▸ **TASK TO CARRY OUT**
Repeat only the lines below that run from the line with "Standing up at" to the line with "16:45 | (9)札幌大通局", ends included; skip every picture.

--- EXTRACTED MATERIAL Enclosed Below ---

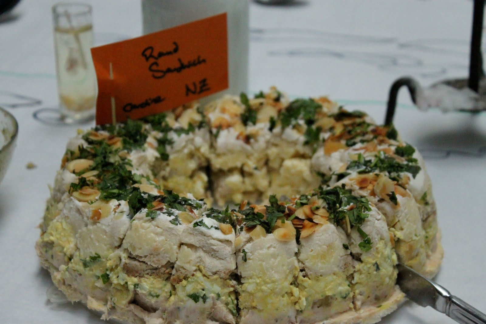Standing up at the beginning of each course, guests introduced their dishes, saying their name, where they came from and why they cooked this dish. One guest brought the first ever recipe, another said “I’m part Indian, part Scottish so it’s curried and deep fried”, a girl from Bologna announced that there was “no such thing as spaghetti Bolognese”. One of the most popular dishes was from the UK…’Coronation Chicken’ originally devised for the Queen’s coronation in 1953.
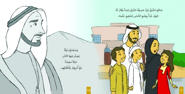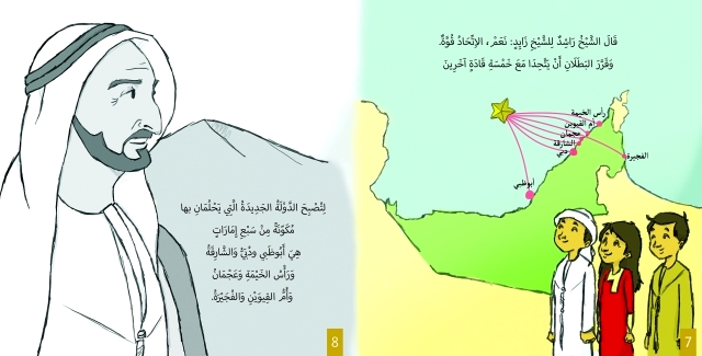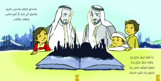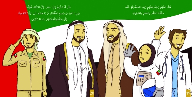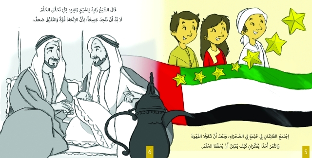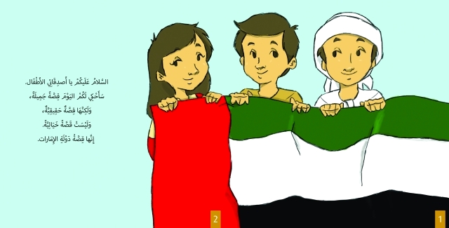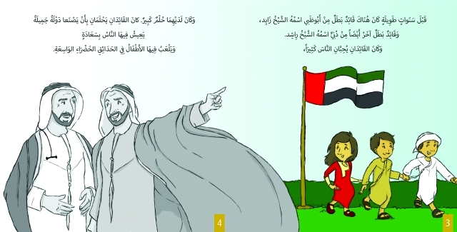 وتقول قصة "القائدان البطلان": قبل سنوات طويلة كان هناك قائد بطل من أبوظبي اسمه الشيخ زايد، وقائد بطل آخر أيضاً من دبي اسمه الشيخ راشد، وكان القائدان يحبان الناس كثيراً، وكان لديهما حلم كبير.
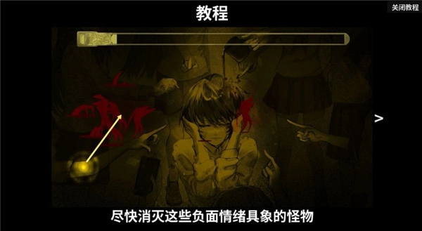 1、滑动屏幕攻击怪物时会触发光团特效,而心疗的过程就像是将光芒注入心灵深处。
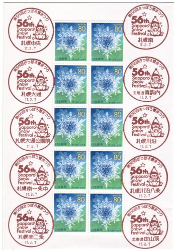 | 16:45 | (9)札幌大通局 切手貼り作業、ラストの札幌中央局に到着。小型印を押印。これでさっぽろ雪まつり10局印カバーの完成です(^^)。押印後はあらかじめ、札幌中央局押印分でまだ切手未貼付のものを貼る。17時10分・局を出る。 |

--- End of Enclosed EXTRACTED MATERIAL ---
--- EXTRACTED MATERIAL Enclosed Below ---

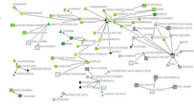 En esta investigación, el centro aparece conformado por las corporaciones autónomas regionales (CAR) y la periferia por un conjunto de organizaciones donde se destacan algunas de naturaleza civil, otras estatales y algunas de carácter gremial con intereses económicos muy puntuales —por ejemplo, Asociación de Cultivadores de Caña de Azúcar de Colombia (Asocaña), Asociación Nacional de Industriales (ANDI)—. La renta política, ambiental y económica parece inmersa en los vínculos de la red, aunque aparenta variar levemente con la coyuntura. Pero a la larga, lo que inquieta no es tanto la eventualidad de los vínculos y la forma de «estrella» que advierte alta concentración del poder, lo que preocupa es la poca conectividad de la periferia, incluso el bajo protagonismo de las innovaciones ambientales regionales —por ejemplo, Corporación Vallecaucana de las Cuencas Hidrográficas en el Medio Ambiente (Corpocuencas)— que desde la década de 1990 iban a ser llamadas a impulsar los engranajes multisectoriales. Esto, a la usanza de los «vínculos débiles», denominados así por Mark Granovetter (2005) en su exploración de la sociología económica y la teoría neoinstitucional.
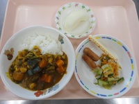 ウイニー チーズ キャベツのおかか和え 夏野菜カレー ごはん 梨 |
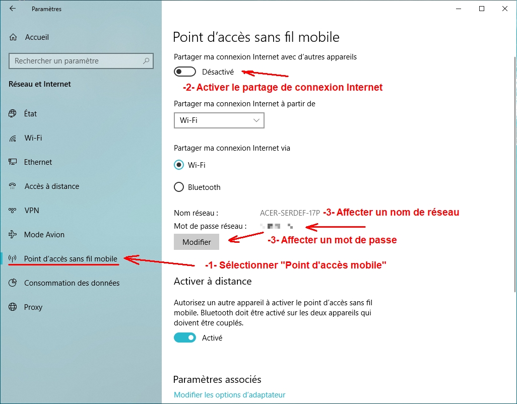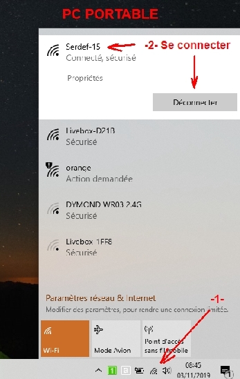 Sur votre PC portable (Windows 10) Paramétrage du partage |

--- End of Enclosed EXTRACTED MATERIAL ---

▸ **OUTPUT**
Standing up at the beginning of each course, guests introduced their dishes, saying their name, where they came from and why they cooked this dish. One guest brought the first ever recipe, another said “I’m part Indian, part Scottish so it’s curried and deep fried”, a girl from Bologna announced that there was “no such thing as spaghetti Bolognese”. One of the most popular dishes was from the UK…’Coronation Chicken’ originally devised for the Queen’s coronation in 1953.
 وتقول قصة "القائدان البطلان": قبل سنوات طويلة كان هناك قائد بطل من أبوظبي اسمه الشيخ زايد، وقائد بطل آخر أيضاً من دبي اسمه الشيخ راشد، وكان القائدان يحبان الناس كثيراً، وكان لديهما حلم كبير.
 1、滑动屏幕攻击怪物时会触发光团特效,而心疗的过程就像是将光芒注入心灵深处。
 | 16:45 | (9)札幌大通局 切手貼り作業、ラストの札幌中央局に到着。小型印を押印。これでさっぽろ雪まつり10局印カバーの完成です(^^)。押印後はあらかじめ、札幌中央局押印分でまだ切手未貼付のものを貼る。17時10分・局を出る。 |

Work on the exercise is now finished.